## [AVAILABLE DATA]
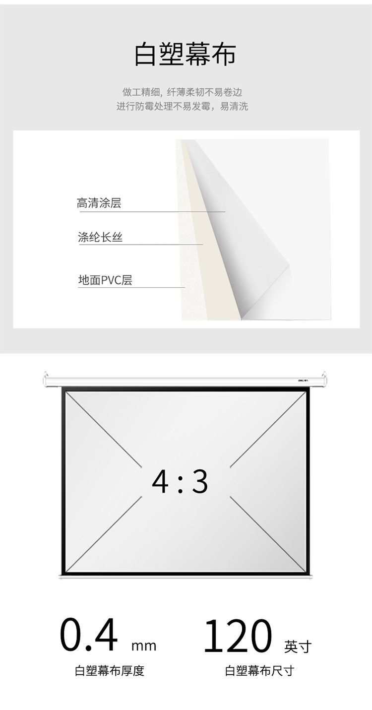 得力(deli)50493 120英寸4:3可调节电动投影幕布/投影幕/投影机幕布 白色
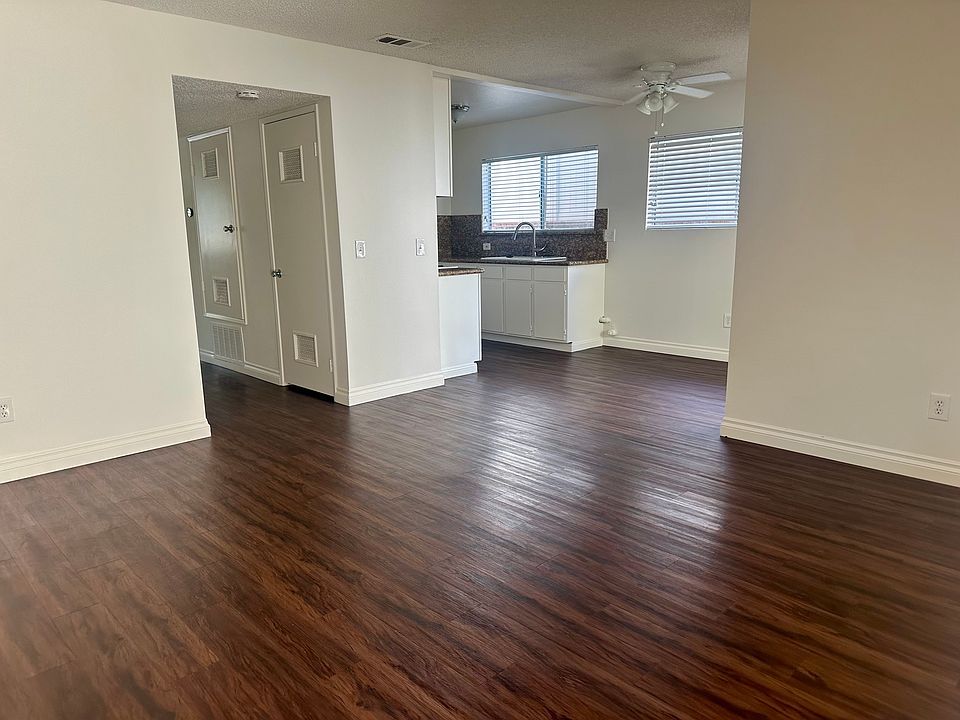 **2+2 in Downtown Brea** GROUND UNIT MOVE IN MID JULY Completely remodeled throughout Granite countertops in Kitchen and bathrooms 2 Private Balconies off front and back of unit Central Heating and A/C 1 parking space in large shared 2 car garage 1 assigned parking space Laundry facilities on premises Month to month lease Major Walk-ability to all Downtown Brea, Restaurants, Coffee Shops, Movie Theater and other entertainment including the Brea Improv and UFC Gym! Best place to live in Brea! Paid water and trash Small pets welcome Photos are not of actual unit $50 credit check fee per application Month to month lease, absolutely no smoking allowed. Owner pays for water and trash
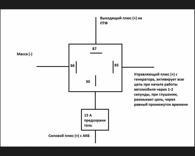 Можно сделать от датчика давления. Для этого соеденяем контакты реле 30 с 85, а вывод реле 86. Садим не на массу, а на вывод датчика давления масла. После запуска, как в системе появится давление ПТФ включатся.
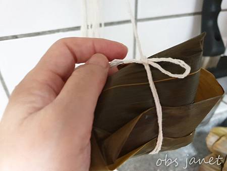 再繞一圈,先打一個結,再打一個活結,方便拆粽子。
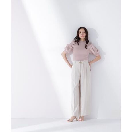 骨格ウェーブさんにおすすめ!骨格ウェーブさんの重心を高く見せてくれる、ハイウエストデザインのベルテッドパンツ。揺れ感のあるとろみ素材で肌なじみの良い優しいカラー展開も、おすすめのポイントです。ゴールドカラーのデザインバックルが、ウエストまわりに上品なアクセントをプラスします。ウエストはゴム仕様で、しっかりフィットしながら快適なはき心地です。<素材>揺れ感のある合繊素材を使用しています。<詳細>仕様・前ファスナー裏地・なし透け感・なし / 光沢・なし / 伸縮性・なし生地の厚さ・普通※モデルの着用画像の場合、光の当たり具合により、実際の色味と異なって見えることがございます。色味は、商品単体の画像をご参照ください。

## [PROBLEM STATEMENT]
The range runs from the line containing "再繞一圈,先打一個結,再打一個活結,方便拆粽子。" through the end of the entries; print those lines exactly and leave the pictures out.

## [FINISHED TASK]
 再繞一圈,先打一個結,再打一個活結,方便拆粽子。
 骨格ウェーブさんにおすすめ!骨格ウェーブさんの重心を高く見せてくれる、ハイウエストデザインのベルテッドパンツ。揺れ感のあるとろみ素材で肌なじみの良い優しいカラー展開も、おすすめのポイントです。ゴールドカラーのデザインバックルが、ウエストまわりに上品なアクセントをプラスします。ウエストはゴム仕様で、しっかりフィットしながら快適なはき心地です。<素材>揺れ感のある合繊素材を使用しています。<詳細>仕様・前ファスナー裏地・なし透け感・なし / 光沢・なし / 伸縮性・なし生地の厚さ・普通※モデルの着用画像の場合、光の当たり具合により、実際の色味と異なって見えることがございます。色味は、商品単体の画像をご参照ください。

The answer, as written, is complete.